DESCRIPTION OF THE TASK:
All of the entries should be restated word for word, but without their pictures.

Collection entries
+++

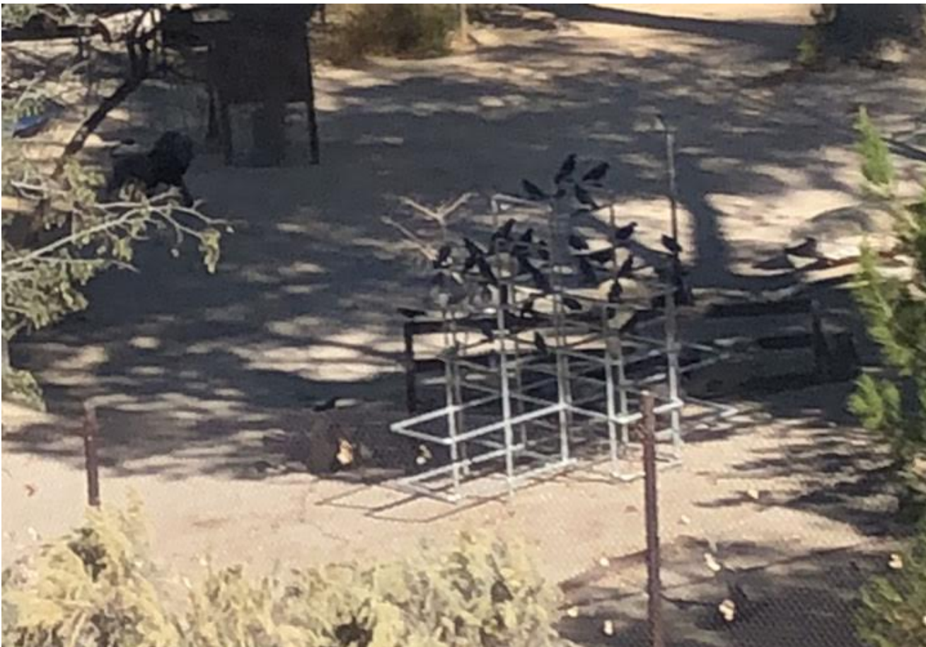
It's a jungle gym with a bunch of crows perched on it. It would appear to be a re-creation of a scene from Tippi Hedren's most famous movie -- "The Birds." The first time we saw it, I think we thought they were real birds, but since they are there every time we go by, I guess not.
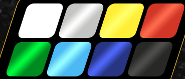
Large choice of Tank & Chassis Colour Combinations
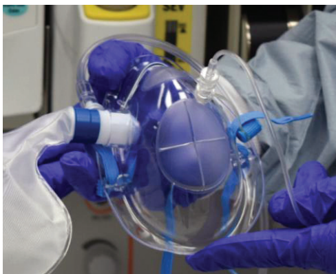
Figure. Procedural Oxygen Mask.

The high FiO 2 levels provided by the Procedural Oxygen Mask allow effective preoxygenation to be
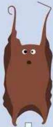
SMALL-EYED RAY Raja microocellata
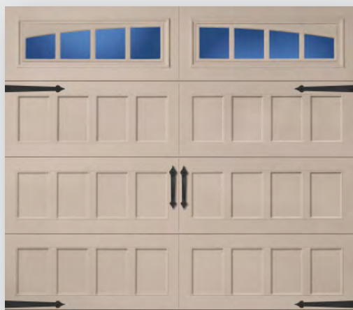
Castle Rock Handles & Hinges
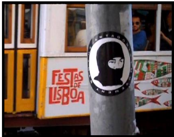
Figure 9. Film Still: The Dolls of Lisbon . A Sticker Placed On a Street Pole.

Current members of the AAM place stickers at home and abroad (personal observation). Promoting the AAM brand by placing stickers in public places (walls, benches, posts, etc.) disrupts normative notions of public space (i.e. clean and visually uncluttered) (Cresswell 1996). Claiming spaces for public expression and using images or rooms to show art is simultaneously art-making and place-making (Gregson and Rose 2000). In this activity, the AAM explores the myriad ways in which art shapes and challenges banal spaces. As the AAM community continues to expand, members around the world place its stickers on spaces in their hometown and as they travel. This marks the space with unprecedented art, which challenges ideas of the function of public space, the ways in which artists find a voice, and how art in public space is experienced.
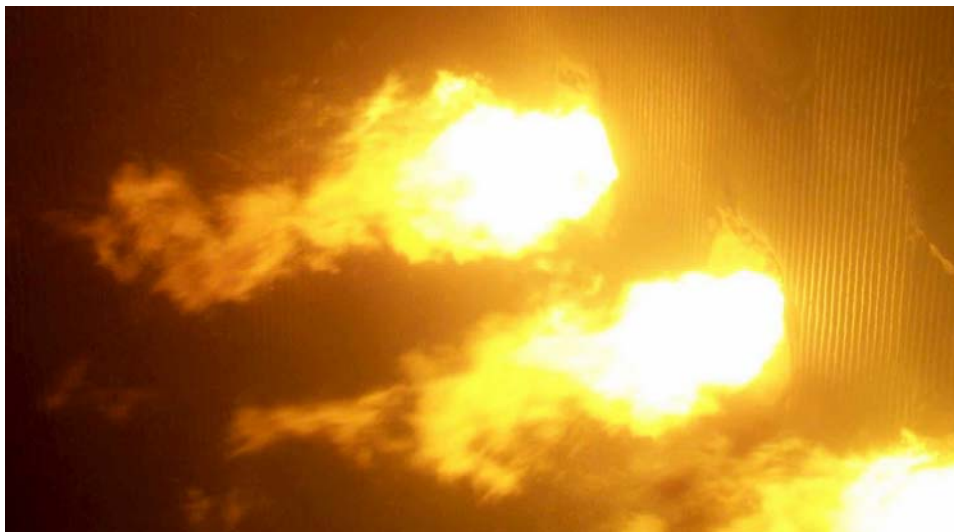
Light Up Burner Flames
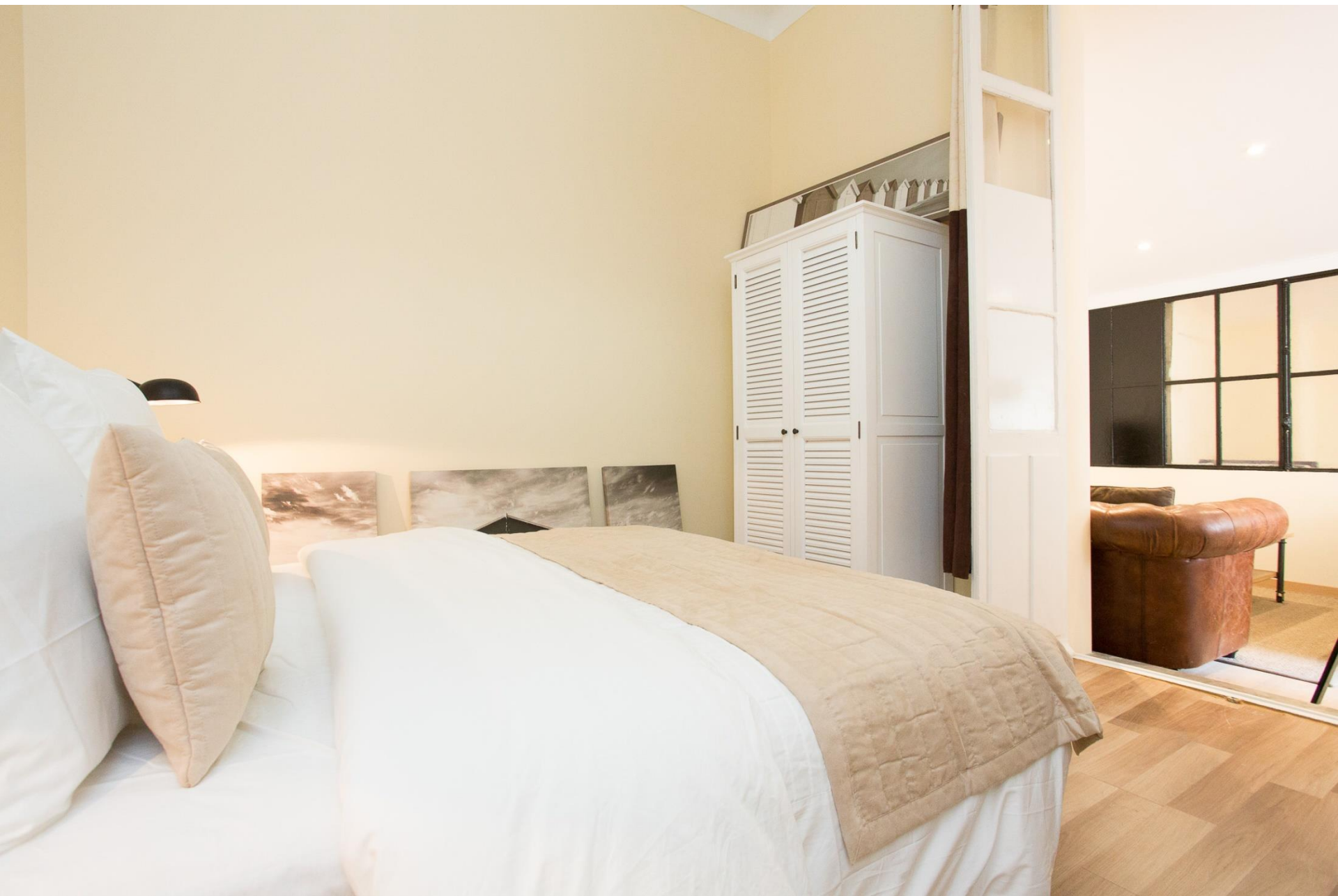
The 3rd bedroom can communicate with the living room
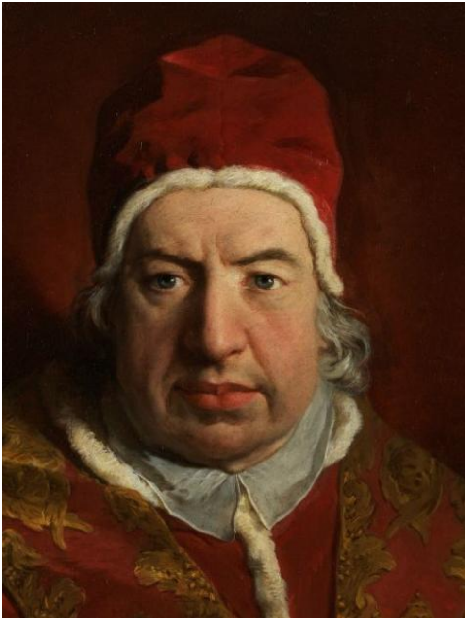
Detail of "Pope Benedict XIV" by Pierre Hubert Subleyras, 1746 (Metropolitan Museum of Art)

Emperor Constantine was Christianity's first celebrity product endorser. This new religion, Christianity, was a challenge and an opportunity. At one level he orchestrated a non-hostile takeover of the mystique and its utility to his structure, but Constantine had little interest in handling the Mystery packet itself (though he did later convert to Christianity and call a council). Constantine's takeover worked — at least to Constantine's satisfaction.

+++

SOLVED PROBLEM:
It's a jungle gym with a bunch of crows perched on it. It would appear to be a re-creation of a scene from Tippi Hedren's most famous movie -- "The Birds." The first time we saw it, I think we thought they were real birds, but since they are there every time we go by, I guess not.
Large choice of Tank & Chassis Colour Combinations
Figure. Procedural Oxygen Mask.

The high FiO 2 levels provided by the Procedural Oxygen Mask allow effective preoxygenation to be
SMALL-EYED RAY Raja microocellata
Castle Rock Handles & Hinges
Figure 9. Film Still: The Dolls of Lisbon . A Sticker Placed On a Street Pole.

Current members of the AAM place stickers at home and abroad (personal observation). Promoting the AAM brand by placing stickers in public places (walls, benches, posts, etc.) disrupts normative notions of public space (i.e. clean and visually uncluttered) (Cresswell 1996). Claiming spaces for public expression and using images or rooms to show art is simultaneously art-making and place-making (Gregson and Rose 2000). In this activity, the AAM explores the myriad ways in which art shapes and challenges banal spaces. As the AAM community continues to expand, members around the world place its stickers on spaces in their hometown and as they travel. This marks the space with unprecedented art, which challenges ideas of the function of public space, the ways in which artists find a voice, and how art in public space is experienced.
Light Up Burner Flames
The 3rd bedroom can communicate with the living room
Detail of "Pope Benedict XIV" by Pierre Hubert Subleyras, 1746 (Metropolitan Museum of Art)

Emperor Constantine was Christianity's first celebrity product endorser. This new religion, Christianity, was a challenge and an opportunity. At one level he orchestrated a non-hostile takeover of the mystique and its utility to his structure, but Constantine had little interest in handling the Mystery packet itself (though he did later convert to Christianity and call a council). Constantine's takeover worked — at least to Constantine's satisfaction.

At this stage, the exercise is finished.